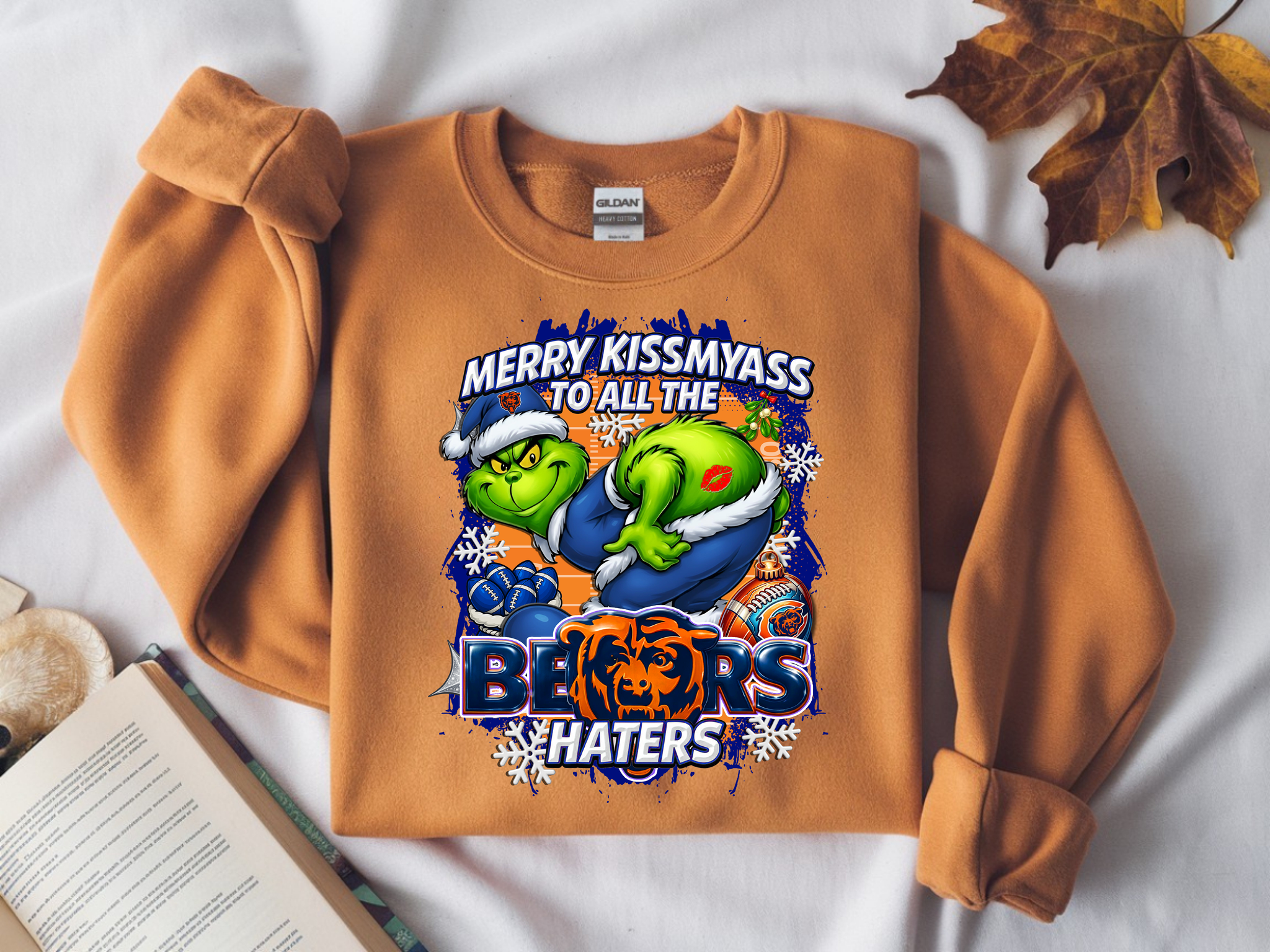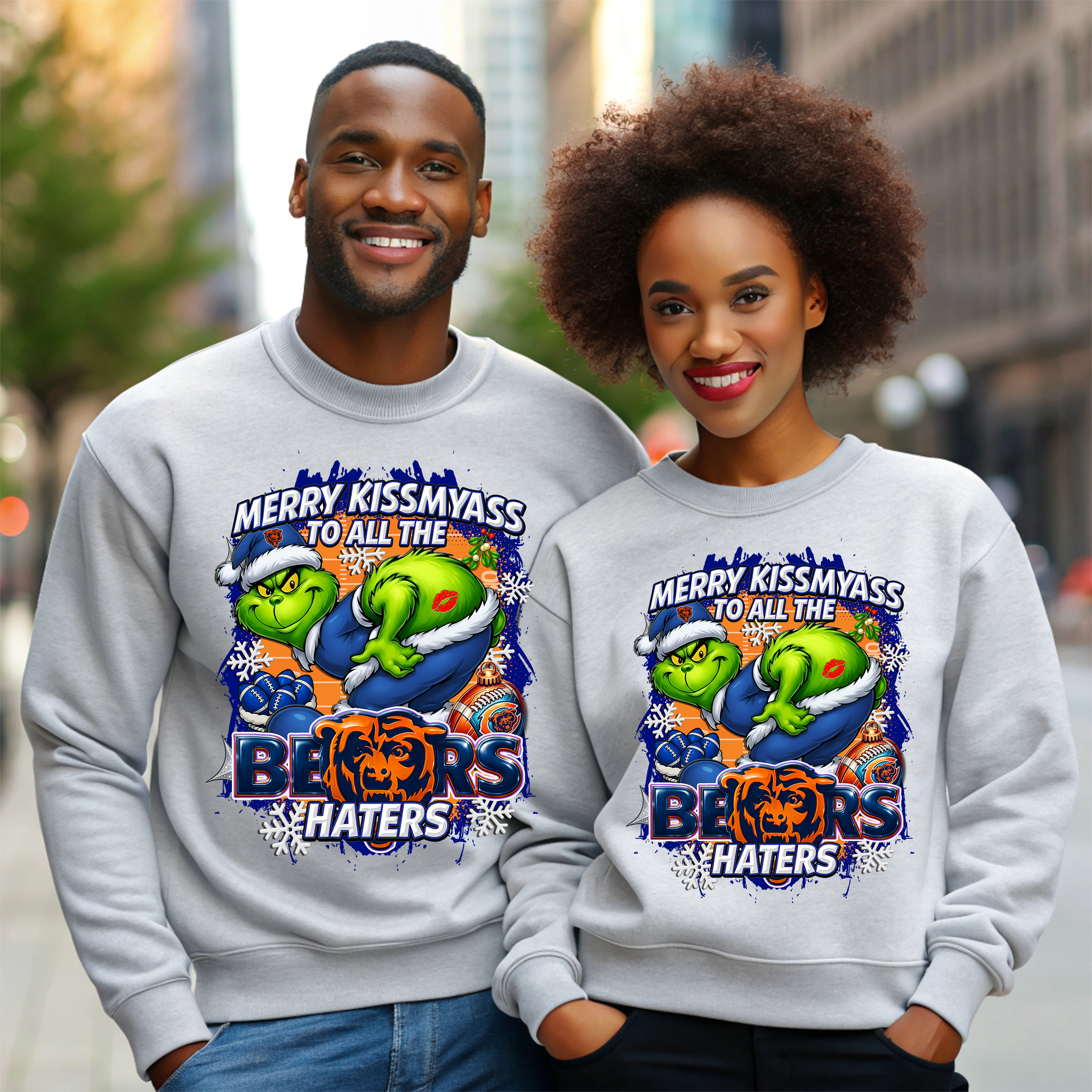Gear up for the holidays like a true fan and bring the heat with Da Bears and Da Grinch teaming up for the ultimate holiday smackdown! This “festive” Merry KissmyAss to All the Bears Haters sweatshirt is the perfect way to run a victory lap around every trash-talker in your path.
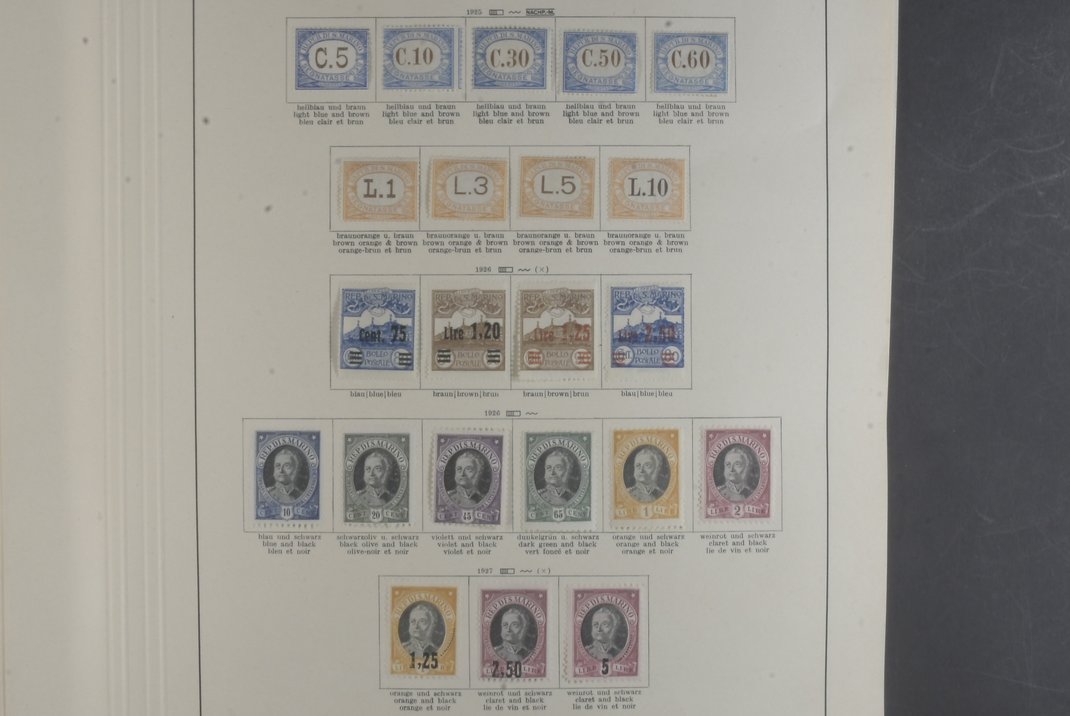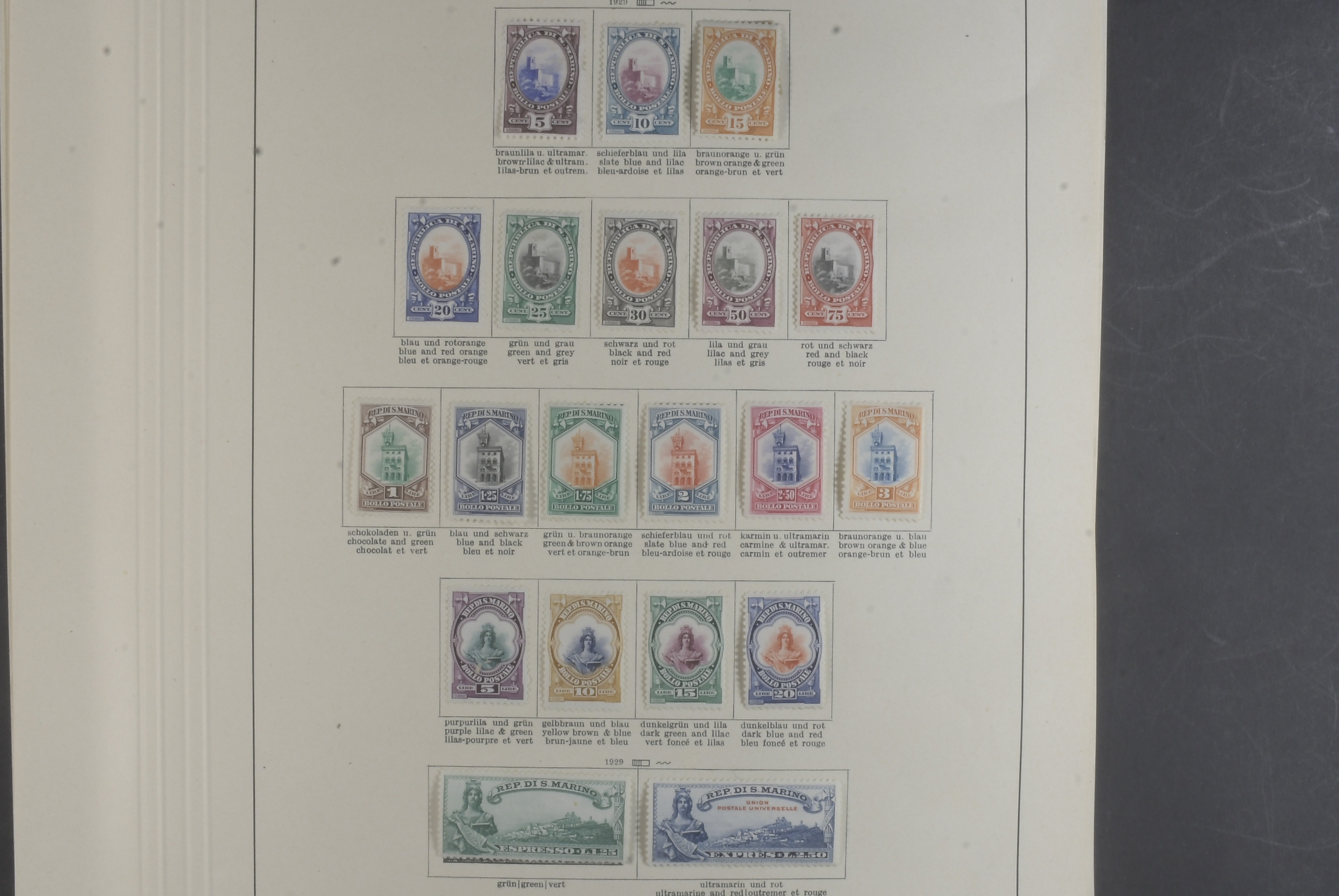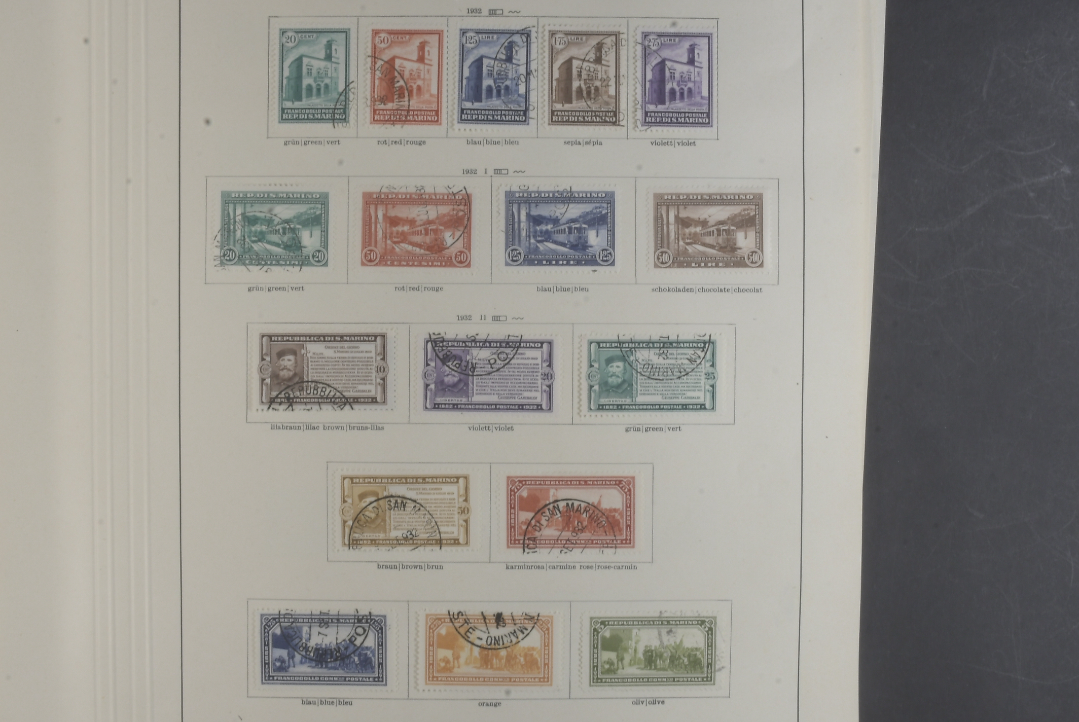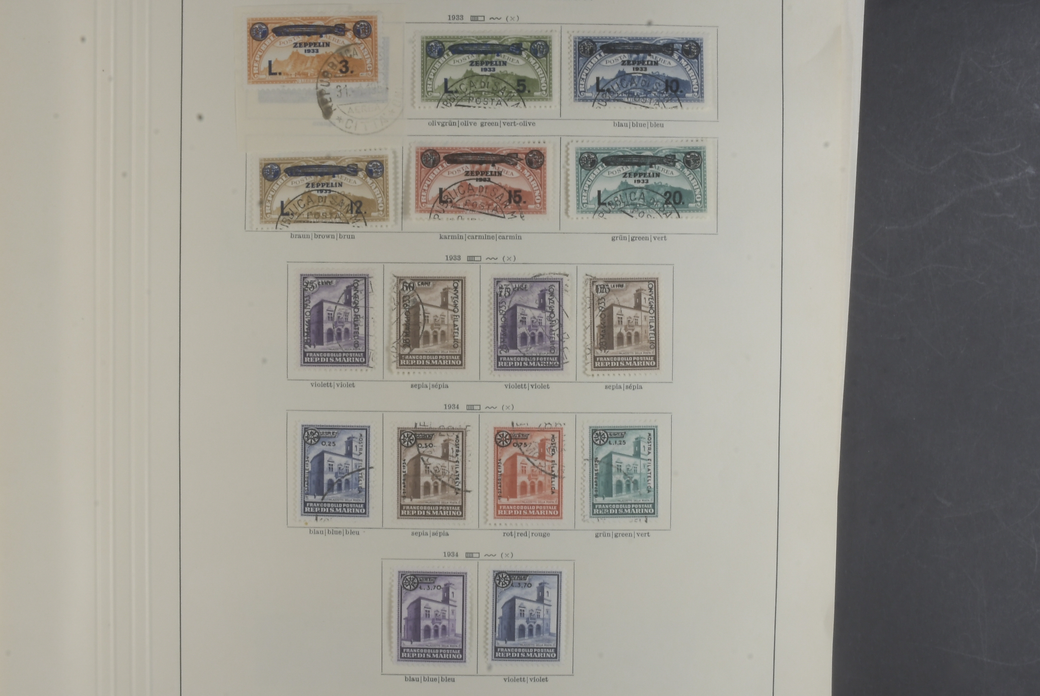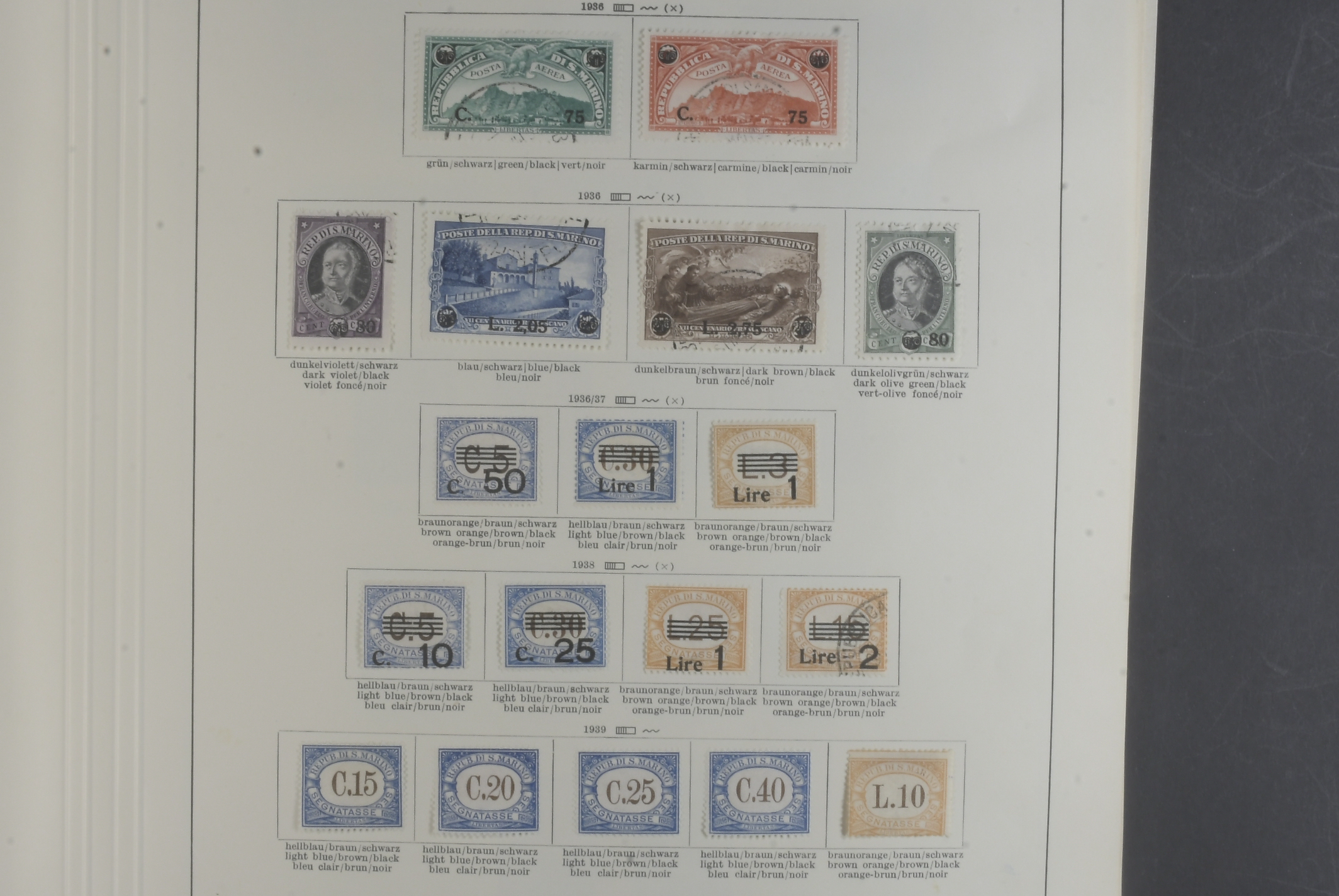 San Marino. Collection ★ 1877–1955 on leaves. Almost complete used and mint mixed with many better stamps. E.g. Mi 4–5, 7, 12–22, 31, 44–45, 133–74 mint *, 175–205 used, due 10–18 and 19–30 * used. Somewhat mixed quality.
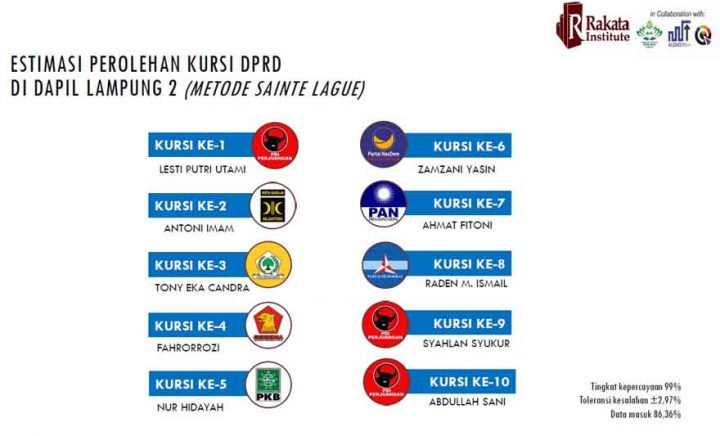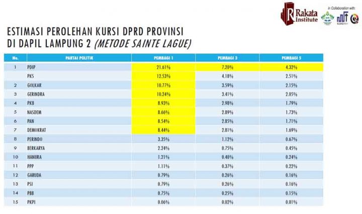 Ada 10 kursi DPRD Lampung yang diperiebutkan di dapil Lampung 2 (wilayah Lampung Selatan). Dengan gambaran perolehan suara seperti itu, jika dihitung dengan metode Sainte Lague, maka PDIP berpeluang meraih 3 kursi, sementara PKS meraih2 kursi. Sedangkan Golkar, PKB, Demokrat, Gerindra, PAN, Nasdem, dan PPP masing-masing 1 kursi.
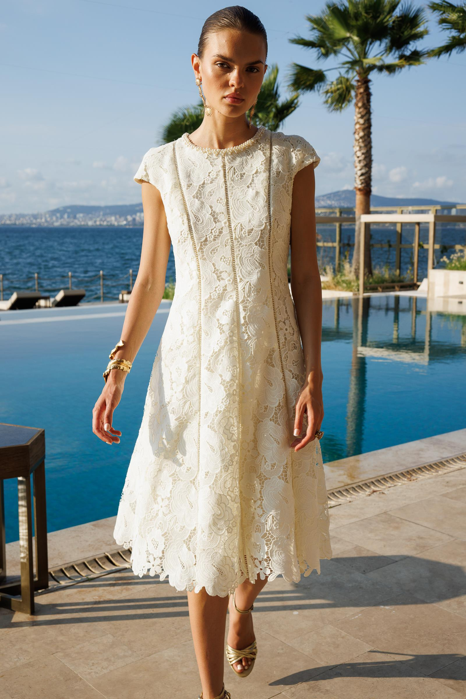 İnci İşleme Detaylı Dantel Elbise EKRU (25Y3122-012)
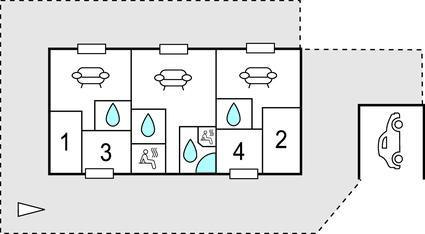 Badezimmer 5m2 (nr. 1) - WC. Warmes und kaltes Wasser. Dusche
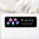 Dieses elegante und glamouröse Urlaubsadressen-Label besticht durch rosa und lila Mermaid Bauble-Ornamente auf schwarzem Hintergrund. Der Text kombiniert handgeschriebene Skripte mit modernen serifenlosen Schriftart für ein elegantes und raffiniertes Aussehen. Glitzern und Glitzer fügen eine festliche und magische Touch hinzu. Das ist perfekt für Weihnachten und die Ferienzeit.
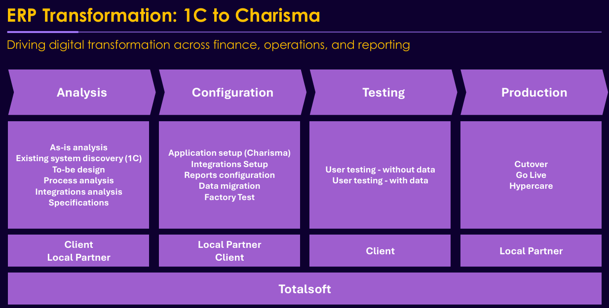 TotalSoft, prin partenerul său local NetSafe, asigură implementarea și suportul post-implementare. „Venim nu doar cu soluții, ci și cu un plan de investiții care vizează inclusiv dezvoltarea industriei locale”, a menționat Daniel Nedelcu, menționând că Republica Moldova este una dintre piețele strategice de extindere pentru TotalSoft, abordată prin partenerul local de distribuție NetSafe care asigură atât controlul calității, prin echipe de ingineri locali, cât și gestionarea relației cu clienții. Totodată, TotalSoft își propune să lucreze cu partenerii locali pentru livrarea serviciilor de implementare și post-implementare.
^^^^^^^^
> **WHAT TO WORK ON**:
Before printing anything, remove the pictures; then print all the records exactly.

> **WORKED SOLUTION**:
Gear up for the holidays like a true fan and bring the heat with Da Bears and Da Grinch teaming up for the ultimate holiday smackdown! This “festive” Merry KissmyAss to All the Bears Haters sweatshirt is the perfect way to run a victory lap around every trash-talker in your path.
 San Marino. Collection ★ 1877–1955 on leaves. Almost complete used and mint mixed with many better stamps. E.g. Mi 4–5, 7, 12–22, 31, 44–45, 133–74 mint *, 175–205 used, due 10–18 and 19–30 * used. Somewhat mixed quality.
 Ada 10 kursi DPRD Lampung yang diperiebutkan di dapil Lampung 2 (wilayah Lampung Selatan). Dengan gambaran perolehan suara seperti itu, jika dihitung dengan metode Sainte Lague, maka PDIP berpeluang meraih 3 kursi, sementara PKS meraih2 kursi. Sedangkan Golkar, PKB, Demokrat, Gerindra, PAN, Nasdem, dan PPP masing-masing 1 kursi.
 İnci İşleme Detaylı Dantel Elbise EKRU (25Y3122-012)
 Badezimmer 5m2 (nr. 1) - WC. Warmes und kaltes Wasser. Dusche
 Dieses elegante und glamouröse Urlaubsadressen-Label besticht durch rosa und lila Mermaid Bauble-Ornamente auf schwarzem Hintergrund. Der Text kombiniert handgeschriebene Skripte mit modernen serifenlosen Schriftart für ein elegantes und raffiniertes Aussehen. Glitzern und Glitzer fügen eine festliche und magische Touch hinzu. Das ist perfekt für Weihnachten und die Ferienzeit.
 TotalSoft, prin partenerul său local NetSafe, asigură implementarea și suportul post-implementare. „Venim nu doar cu soluții, ci și cu un plan de investiții care vizează inclusiv dezvoltarea industriei locale”, a menționat Daniel Nedelcu, menționând că Republica Moldova este una dintre piețele strategice de extindere pentru TotalSoft, abordată prin partenerul local de distribuție NetSafe care asigură atât controlul calității, prin echipe de ingineri locali, cât și gestionarea relației cu clienții. Totodată, TotalSoft își propune să lucreze cu partenerii locali pentru livrarea serviciilor de implementare și post-implementare.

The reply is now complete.